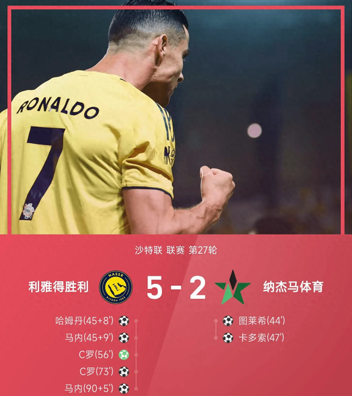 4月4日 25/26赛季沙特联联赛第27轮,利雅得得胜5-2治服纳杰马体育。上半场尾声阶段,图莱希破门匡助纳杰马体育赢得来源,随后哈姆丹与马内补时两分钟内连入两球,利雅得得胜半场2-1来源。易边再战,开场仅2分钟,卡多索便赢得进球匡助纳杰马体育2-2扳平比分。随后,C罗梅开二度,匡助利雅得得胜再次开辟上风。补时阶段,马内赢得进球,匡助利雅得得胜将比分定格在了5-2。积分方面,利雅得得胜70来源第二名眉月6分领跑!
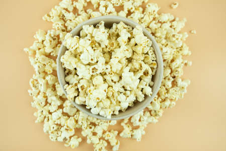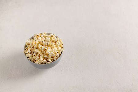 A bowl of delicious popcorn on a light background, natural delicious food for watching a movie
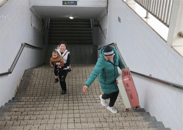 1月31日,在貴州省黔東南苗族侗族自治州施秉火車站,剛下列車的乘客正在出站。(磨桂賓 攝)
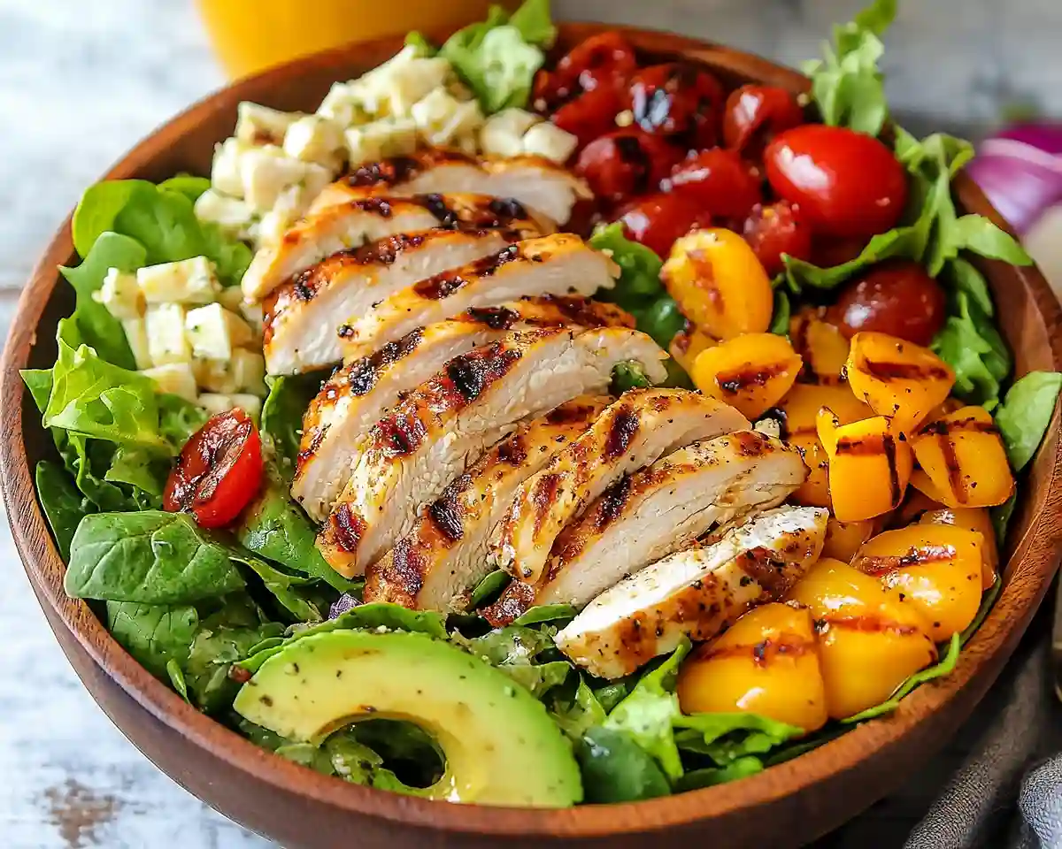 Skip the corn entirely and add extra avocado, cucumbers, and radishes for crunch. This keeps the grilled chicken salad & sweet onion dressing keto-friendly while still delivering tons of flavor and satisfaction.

---------------

Reproduce every line of the material above, but drop the pictures.

 4月4日 25/26赛季沙特联联赛第27轮,利雅得得胜5-2治服纳杰马体育。上半场尾声阶段,图莱希破门匡助纳杰马体育赢得来源,随后哈姆丹与马内补时两分钟内连入两球,利雅得得胜半场2-1来源。易边再战,开场仅2分钟,卡多索便赢得进球匡助纳杰马体育2-2扳平比分。随后,C罗梅开二度,匡助利雅得得胜再次开辟上风。补时阶段,马内赢得进球,匡助利雅得得胜将比分定格在了5-2。积分方面,利雅得得胜70来源第二名眉月6分领跑!
 A bowl of delicious popcorn on a light background, natural delicious food for watching a movie
 1月31日,在貴州省黔東南苗族侗族自治州施秉火車站,剛下列車的乘客正在出站。(磨桂賓 攝)
 Skip the corn entirely and add extra avocado, cucumbers, and radishes for crunch. This keeps the grilled chicken salad & sweet onion dressing keto-friendly while still delivering tons of flavor and satisfaction.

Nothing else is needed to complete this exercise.